7 | have some fun

4.3K 583 432
                                    

Rüyalardan nefret ediyordum.

İnsanların neden nefret ettiğini yeni anlıyordum. Eskiden gerçek yaşamdan başka hayali bir şeyleri benimsemek iyi olur diye düşünmüştüm ancak bu şey... Hayatım boyunca yaşadığım en hastalıklı şeydi.

Uyanma şeklim en ilginciydi.

Kendime küfür edip duruyordum.

Gözümü ilk açışımda bir verandada dikiliyordum. Günün doğmasına en fazla on dakika kadar var gibiydi.

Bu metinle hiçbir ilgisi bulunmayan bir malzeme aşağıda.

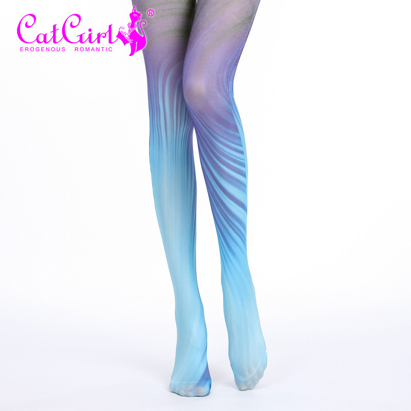 Creative patterned pantyhose, personalized printed slim-fit white stockings, blue ripple funky tights, cool patterned tights
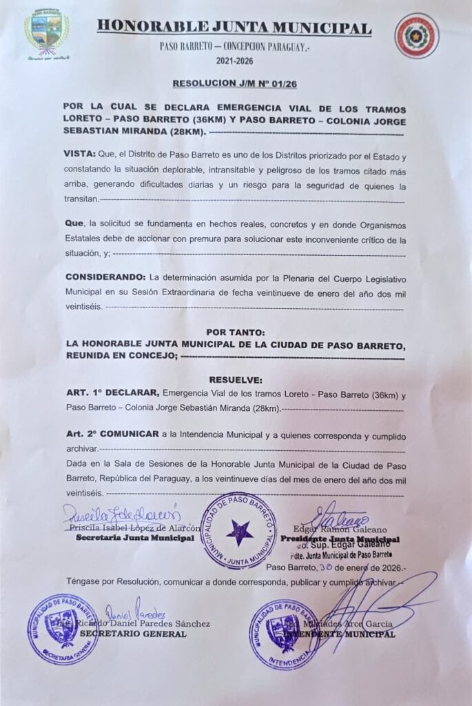 La resolución señala que Paso Barreto es uno de los distritos más afectados por el estado intransitable y peligroso de los tramos Loreto–Paso Barreto, de 36 kilómetros, y Paso Barreto–Jorge Sebastián Miranda, de 28 kilómetros, situación que se agrava tras cada lluvia. En ese contexto, los concejales resolvieron en sesión extraordinaria solicitar la intervención urgente de las autoridades departamentales y nacionales para la reparación del camino.

Ayrıca oldukça serindi ve üzerimdeki salaş beyaz t-shirtün içine dolan rüzgar sahte bir üşüme hissi veriyordu.

Kollarımı kendime sardım ve küfür ederek verandanın cam kapısından içeri girdim.

Girdiğim anda kesilen rüzgarın yerini insanı günaha itecek kadar rahat bir ılıklık karşılamıştı. Sanki odanın içine henüz yaz yağmuru yağmıştı ve ben de altında saatlerce yürüyüp hafiften terleyerek yapış yapış olmuştum.

Odayı gözlerimle taradığımda beyaz tüllü yatağı gördüm. Etrafını saran beyaz perde adeta aşılmaz bir mahremiyet ve gizem alanı yaratıyordu.

Dikkatimi çeken şeyse beyaz tüllerin arasında görünen bir kıpırtıydı. Yatağa doğru bir adım attığumda burnuma dolan tarif edilemez koku nefesimi kesmişti. Yaklaşmamam için yalvarıyordu adeta. Beni uyardığını biliyordum ancak merakıma engel olamadım.

Kokuya biraz daha alıştığımda bir adım daha attım. Tül perdenin ardında yine bir hareketlenme oldu. Bir adım ve bir adım daha...

Artık hareketlenmeye sebep olan şeyi görebilecek seviyedeydim.

Ve Tanrım....

Taehyung sırt üstü uzanmış, birkaç saniyede bir çıplak gövdesini bir yay gibi geriyor, başını da eşzamanlı olarak arkaya kaydırıyordu.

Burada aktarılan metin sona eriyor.